▶ **TASK REQUIREMENTS**
The required output is the exact run of lines below that opens at the line with "葉っぱ切り絵アーティスト、リトさんが作る作品が展示されています。" and closes at the line with "soupe de potiron".

▶ **LISTED RECORDS**
________________________

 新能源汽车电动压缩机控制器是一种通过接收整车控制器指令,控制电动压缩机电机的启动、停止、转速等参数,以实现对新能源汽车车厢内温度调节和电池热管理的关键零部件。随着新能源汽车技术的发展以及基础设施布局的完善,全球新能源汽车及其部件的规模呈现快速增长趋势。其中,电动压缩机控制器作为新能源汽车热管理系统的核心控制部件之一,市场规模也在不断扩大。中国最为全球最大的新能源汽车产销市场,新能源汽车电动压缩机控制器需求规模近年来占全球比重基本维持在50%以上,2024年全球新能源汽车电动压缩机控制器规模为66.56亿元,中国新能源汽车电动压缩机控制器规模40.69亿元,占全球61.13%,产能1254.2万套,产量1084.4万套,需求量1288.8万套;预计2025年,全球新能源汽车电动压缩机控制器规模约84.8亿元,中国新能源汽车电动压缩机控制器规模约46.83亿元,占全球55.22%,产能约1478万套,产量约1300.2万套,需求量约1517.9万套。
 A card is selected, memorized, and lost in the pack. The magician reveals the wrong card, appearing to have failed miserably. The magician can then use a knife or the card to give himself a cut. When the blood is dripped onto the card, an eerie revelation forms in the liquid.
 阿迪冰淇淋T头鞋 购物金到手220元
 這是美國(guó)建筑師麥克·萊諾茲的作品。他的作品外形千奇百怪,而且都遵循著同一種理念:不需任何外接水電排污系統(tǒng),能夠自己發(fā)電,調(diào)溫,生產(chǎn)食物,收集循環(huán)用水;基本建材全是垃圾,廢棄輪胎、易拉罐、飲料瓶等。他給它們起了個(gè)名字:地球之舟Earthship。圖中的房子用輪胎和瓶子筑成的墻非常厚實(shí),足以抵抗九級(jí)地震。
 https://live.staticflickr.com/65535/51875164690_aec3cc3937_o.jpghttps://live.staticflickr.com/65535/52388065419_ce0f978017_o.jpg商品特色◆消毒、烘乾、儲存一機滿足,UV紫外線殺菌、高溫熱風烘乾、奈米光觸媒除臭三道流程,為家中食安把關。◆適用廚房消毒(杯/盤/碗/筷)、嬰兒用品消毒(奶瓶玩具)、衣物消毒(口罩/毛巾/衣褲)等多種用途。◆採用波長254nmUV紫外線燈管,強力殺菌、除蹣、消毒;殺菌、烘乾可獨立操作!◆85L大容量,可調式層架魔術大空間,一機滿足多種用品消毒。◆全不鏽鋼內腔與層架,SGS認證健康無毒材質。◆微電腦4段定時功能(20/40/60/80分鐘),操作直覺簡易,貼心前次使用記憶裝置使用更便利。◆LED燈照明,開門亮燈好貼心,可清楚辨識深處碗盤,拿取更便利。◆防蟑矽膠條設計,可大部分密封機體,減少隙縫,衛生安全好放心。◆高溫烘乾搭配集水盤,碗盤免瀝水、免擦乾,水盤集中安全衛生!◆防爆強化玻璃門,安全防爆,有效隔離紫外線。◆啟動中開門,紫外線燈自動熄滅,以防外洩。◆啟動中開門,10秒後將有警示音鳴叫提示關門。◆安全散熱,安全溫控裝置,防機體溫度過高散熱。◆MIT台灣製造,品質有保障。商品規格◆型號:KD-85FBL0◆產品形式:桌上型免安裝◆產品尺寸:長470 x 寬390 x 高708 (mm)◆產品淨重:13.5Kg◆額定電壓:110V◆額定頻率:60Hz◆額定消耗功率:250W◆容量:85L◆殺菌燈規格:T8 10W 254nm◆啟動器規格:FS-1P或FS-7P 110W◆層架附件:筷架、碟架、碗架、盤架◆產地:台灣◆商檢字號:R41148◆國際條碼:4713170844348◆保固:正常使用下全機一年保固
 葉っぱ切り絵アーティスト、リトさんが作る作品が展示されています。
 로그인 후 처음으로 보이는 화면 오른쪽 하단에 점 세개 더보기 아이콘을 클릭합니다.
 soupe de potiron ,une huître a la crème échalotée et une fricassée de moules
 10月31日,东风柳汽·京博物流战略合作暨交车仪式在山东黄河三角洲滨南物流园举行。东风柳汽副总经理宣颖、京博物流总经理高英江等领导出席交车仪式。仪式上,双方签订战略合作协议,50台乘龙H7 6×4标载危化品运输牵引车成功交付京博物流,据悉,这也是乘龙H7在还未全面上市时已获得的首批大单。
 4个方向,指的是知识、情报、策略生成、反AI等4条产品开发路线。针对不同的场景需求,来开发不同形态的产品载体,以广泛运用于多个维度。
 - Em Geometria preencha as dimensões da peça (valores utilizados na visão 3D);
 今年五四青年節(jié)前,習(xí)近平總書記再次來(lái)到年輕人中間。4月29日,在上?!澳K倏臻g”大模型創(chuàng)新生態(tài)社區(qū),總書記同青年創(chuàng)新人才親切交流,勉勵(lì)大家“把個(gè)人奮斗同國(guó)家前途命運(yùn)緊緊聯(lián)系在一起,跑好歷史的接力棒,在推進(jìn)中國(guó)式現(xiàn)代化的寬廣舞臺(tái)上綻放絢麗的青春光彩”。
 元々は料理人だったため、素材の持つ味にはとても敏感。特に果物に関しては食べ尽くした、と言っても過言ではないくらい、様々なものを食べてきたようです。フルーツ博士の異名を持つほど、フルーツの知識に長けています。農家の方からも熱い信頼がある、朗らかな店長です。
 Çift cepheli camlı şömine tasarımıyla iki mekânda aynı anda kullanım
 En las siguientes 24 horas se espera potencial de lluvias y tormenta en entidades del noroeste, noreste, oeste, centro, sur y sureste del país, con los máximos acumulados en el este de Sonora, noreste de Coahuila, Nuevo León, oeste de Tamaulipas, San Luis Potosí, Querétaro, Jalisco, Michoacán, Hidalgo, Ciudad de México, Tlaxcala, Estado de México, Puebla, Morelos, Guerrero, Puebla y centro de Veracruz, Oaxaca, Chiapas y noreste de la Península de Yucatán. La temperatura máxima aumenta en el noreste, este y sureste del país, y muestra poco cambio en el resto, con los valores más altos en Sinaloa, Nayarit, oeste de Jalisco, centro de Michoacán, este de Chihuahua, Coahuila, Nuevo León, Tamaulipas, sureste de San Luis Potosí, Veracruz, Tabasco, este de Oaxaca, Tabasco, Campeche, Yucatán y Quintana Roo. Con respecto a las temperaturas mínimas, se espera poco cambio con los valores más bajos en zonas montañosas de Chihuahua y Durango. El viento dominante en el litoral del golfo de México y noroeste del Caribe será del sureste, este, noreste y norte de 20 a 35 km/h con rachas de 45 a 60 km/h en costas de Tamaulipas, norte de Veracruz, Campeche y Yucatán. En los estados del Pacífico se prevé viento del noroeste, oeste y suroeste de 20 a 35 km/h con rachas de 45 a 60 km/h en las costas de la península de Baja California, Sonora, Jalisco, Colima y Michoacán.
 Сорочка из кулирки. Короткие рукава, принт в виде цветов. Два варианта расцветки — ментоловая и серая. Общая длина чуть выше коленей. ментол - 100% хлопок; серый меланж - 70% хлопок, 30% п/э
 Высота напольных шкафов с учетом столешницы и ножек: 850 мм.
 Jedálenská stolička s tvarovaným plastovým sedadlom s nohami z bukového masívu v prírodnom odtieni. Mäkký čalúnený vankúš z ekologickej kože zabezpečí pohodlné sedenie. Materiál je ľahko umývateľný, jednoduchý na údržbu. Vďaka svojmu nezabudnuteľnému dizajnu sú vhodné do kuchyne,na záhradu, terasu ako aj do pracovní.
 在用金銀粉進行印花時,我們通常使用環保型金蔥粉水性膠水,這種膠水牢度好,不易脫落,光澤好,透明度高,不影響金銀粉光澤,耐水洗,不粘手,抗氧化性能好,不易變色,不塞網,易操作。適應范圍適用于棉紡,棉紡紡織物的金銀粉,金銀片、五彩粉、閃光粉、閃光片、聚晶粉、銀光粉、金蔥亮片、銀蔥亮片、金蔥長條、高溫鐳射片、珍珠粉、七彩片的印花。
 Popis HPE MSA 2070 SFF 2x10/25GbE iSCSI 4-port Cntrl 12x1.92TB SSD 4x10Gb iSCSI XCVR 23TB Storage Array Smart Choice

________________________

▶ **WRITTEN SOLUTION**
 葉っぱ切り絵アーティスト、リトさんが作る作品が展示されています。
 로그인 후 처음으로 보이는 화면 오른쪽 하단에 점 세개 더보기 아이콘을 클릭합니다.
 soupe de potiron ,une huître a la crème échalotée et une fricassée de moules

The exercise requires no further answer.